═════ Dataset content
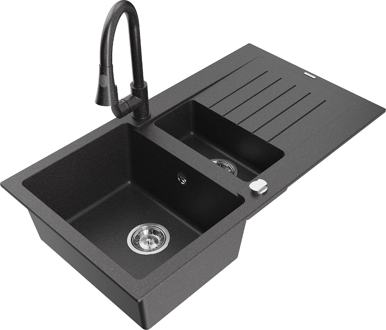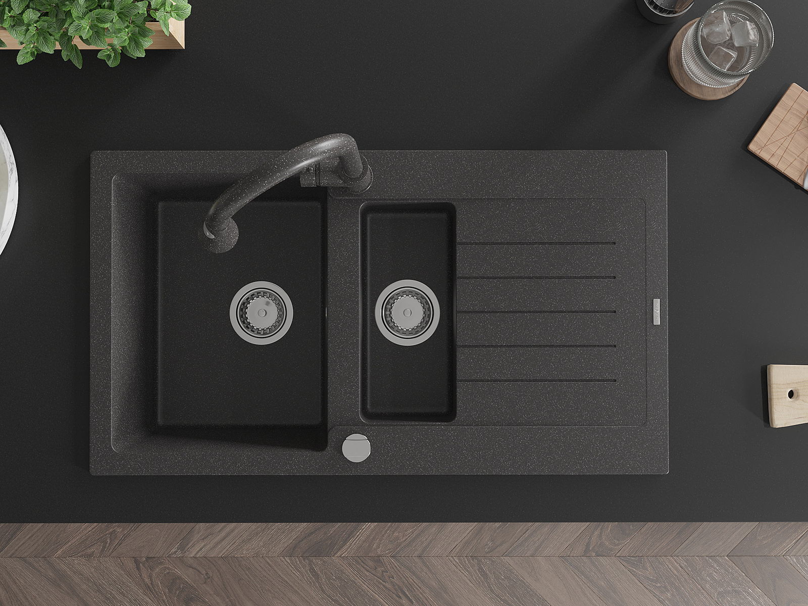 Mexen Matias granit izlietne 1,5 nodalījumu ar notecinātāju un virtuves jaucējkrānu Elia, melns punktains - 6502-76-670101-76
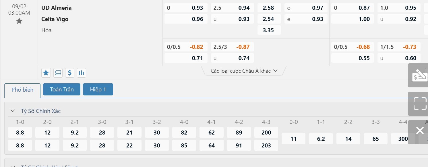 Nhà cái đưa ra mốc tỷ lệ đồng banh cho cặp trận giữa Almeria và Celta Vigo. Với phong độ nghèo nàn của cả hai đội thì thật sự đây là cặp trận cân sức và khó đoán định kết quả. Lần gần nhất hai đội gặp nhau, họ đã bất phân thắng bại với tỷ số hòa 2-2. Điểm đáng chú ý là những cuộc đọ sức giữa hai đội bóng này thường có xu hướng xuất hiện nhiều bàn thắng. Cụ thể, 4/5 màn chạm trán gần nhất giữa Almeria và Celta Vigo có từ 3 bàn trở lên.
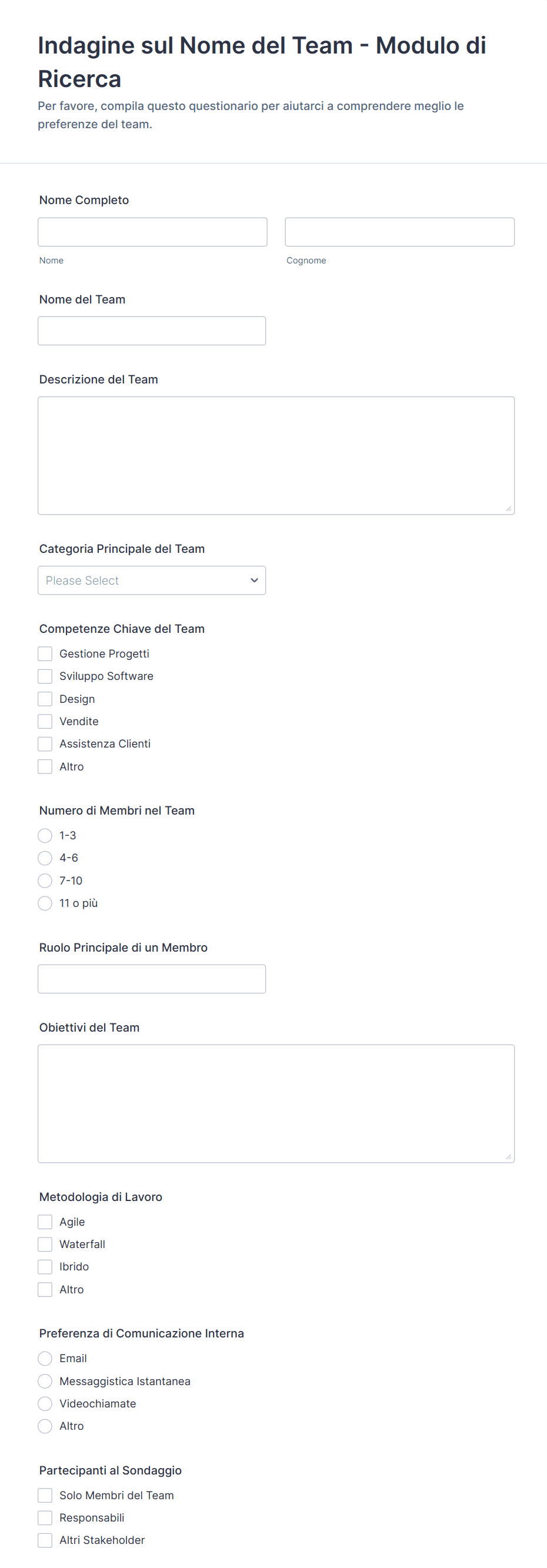 Raccogli proposte e preferenze per scegliere o rinominare un gruppo con il Modulo FORM per Indagine sul Nome del Team di Jotform, ideale per aziende e associazioni che vogliono coinvolgere i partecipanti nella decisione.
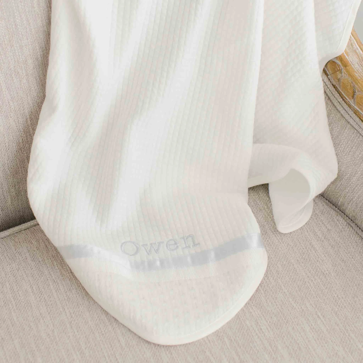 - Optional personalization in light blue thread
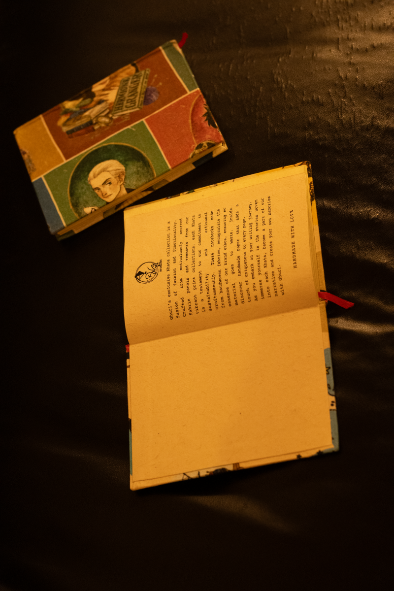 These medium-sized notebooks or Khata are a celebration of sustainability and creativity, crafted from handmade paper and leftover scrap fabrics from the print house. Each hardbound notebook carries a unique texture and character, making it perfect for jotting down thoughts, sketches, or memories. Thoughtful and beautiful, it’s not just a notebook—it’s a meaningful gift that tells a story with every page.
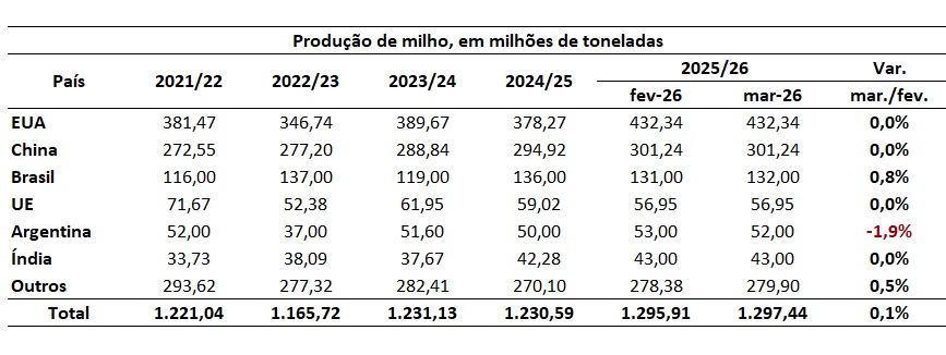 O USDA revisou, em março de 2026, os dados da produção e estoque mundial de milho para a safra 2025/26 e o Farmnews comparou os valores esperados com a estimativa anterior e também com as safras anteriores (Tabelas abaixo).
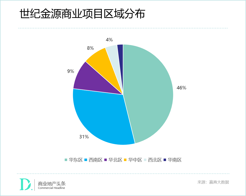 据赢商大数据统计,按区域划分,世纪金源商管已开业项目中有46%位于华东区,31%位于西南区,华南区项目最少。
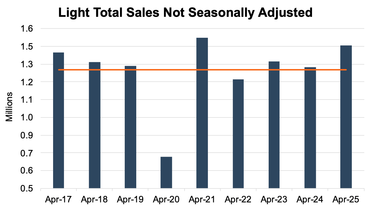 Unadjusted sales were also markedly higher than this time last year. With just one more selling day than April 2024, April 2025 industry sales (on an unadjusted basis) reached 1.46 million units, an 8% decrease from last month and an 11.1% increase from April 2024. This month’s unadjusted sales surpassed the nine-year April average of 1.3 million units (2017 – 2025) by over 162 thousand. See the chart below for a look at unadjusted sales over the last nine Aprils.
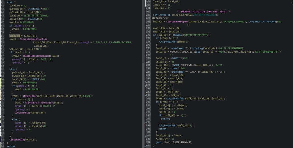 - Named pipes moved from CreateNamedPipeW to NtCreateNamedPipeFile
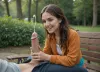 brunette woman in black formal dress sits on a bench in the park, a man standing infront of her with his pants down to his knees, has his huge big cock out and masturbates infront of the woman, big large penis, massive cock
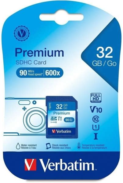 Verbatim 32GB Premium SDHC Memory Card, UHS-I V10 U1 Class 10, Up To 90MB/S Read Speed
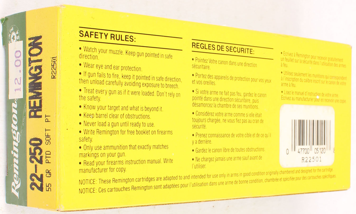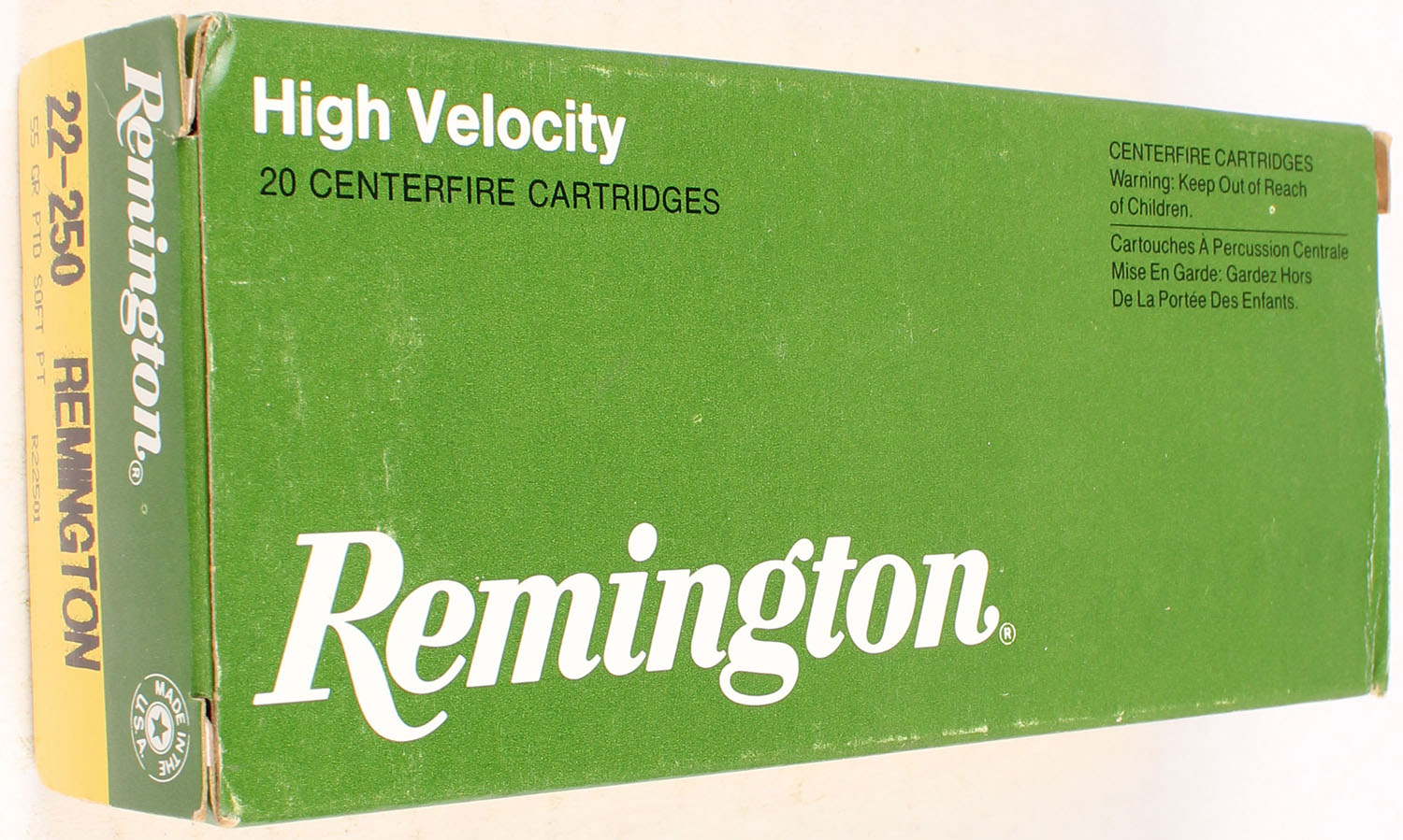 Remington, High Velocity, 22-250 Remington, 55 Grain Pointed Soft Point, Full, 1pc. Yellow, green, white & black box, box is very solid with great color, end flaps are solid, ammo is excellent. Grade: Excellent + - Value: 10 to 50
══════════
### Exercise
Could you write out the records again exactly, omitting each image?

### Answer box
 Mexen Matias granit izlietne 1,5 nodalījumu ar notecinātāju un virtuves jaucējkrānu Elia, melns punktains - 6502-76-670101-76
 Nhà cái đưa ra mốc tỷ lệ đồng banh cho cặp trận giữa Almeria và Celta Vigo. Với phong độ nghèo nàn của cả hai đội thì thật sự đây là cặp trận cân sức và khó đoán định kết quả. Lần gần nhất hai đội gặp nhau, họ đã bất phân thắng bại với tỷ số hòa 2-2. Điểm đáng chú ý là những cuộc đọ sức giữa hai đội bóng này thường có xu hướng xuất hiện nhiều bàn thắng. Cụ thể, 4/5 màn chạm trán gần nhất giữa Almeria và Celta Vigo có từ 3 bàn trở lên.
 Raccogli proposte e preferenze per scegliere o rinominare un gruppo con il Modulo FORM per Indagine sul Nome del Team di Jotform, ideale per aziende e associazioni che vogliono coinvolgere i partecipanti nella decisione.
 - Optional personalization in light blue thread
 These medium-sized notebooks or Khata are a celebration of sustainability and creativity, crafted from handmade paper and leftover scrap fabrics from the print house. Each hardbound notebook carries a unique texture and character, making it perfect for jotting down thoughts, sketches, or memories. Thoughtful and beautiful, it’s not just a notebook—it’s a meaningful gift that tells a story with every page.
 O USDA revisou, em março de 2026, os dados da produção e estoque mundial de milho para a safra 2025/26 e o Farmnews comparou os valores esperados com a estimativa anterior e também com as safras anteriores (Tabelas abaixo).
 据赢商大数据统计,按区域划分,世纪金源商管已开业项目中有46%位于华东区,31%位于西南区,华南区项目最少。
 Unadjusted sales were also markedly higher than this time last year. With just one more selling day than April 2024, April 2025 industry sales (on an unadjusted basis) reached 1.46 million units, an 8% decrease from last month and an 11.1% increase from April 2024. This month’s unadjusted sales surpassed the nine-year April average of 1.3 million units (2017 – 2025) by over 162 thousand. See the chart below for a look at unadjusted sales over the last nine Aprils.
 - Named pipes moved from CreateNamedPipeW to NtCreateNamedPipeFile
 brunette woman in black formal dress sits on a bench in the park, a man standing infront of her with his pants down to his knees, has his huge big cock out and masturbates infront of the woman, big large penis, massive cock
 Verbatim 32GB Premium SDHC Memory Card, UHS-I V10 U1 Class 10, Up To 90MB/S Read Speed
 Remington, High Velocity, 22-250 Remington, 55 Grain Pointed Soft Point, Full, 1pc. Yellow, green, white & black box, box is very solid with great color, end flaps are solid, ammo is excellent. Grade: Excellent + - Value: 10 to 50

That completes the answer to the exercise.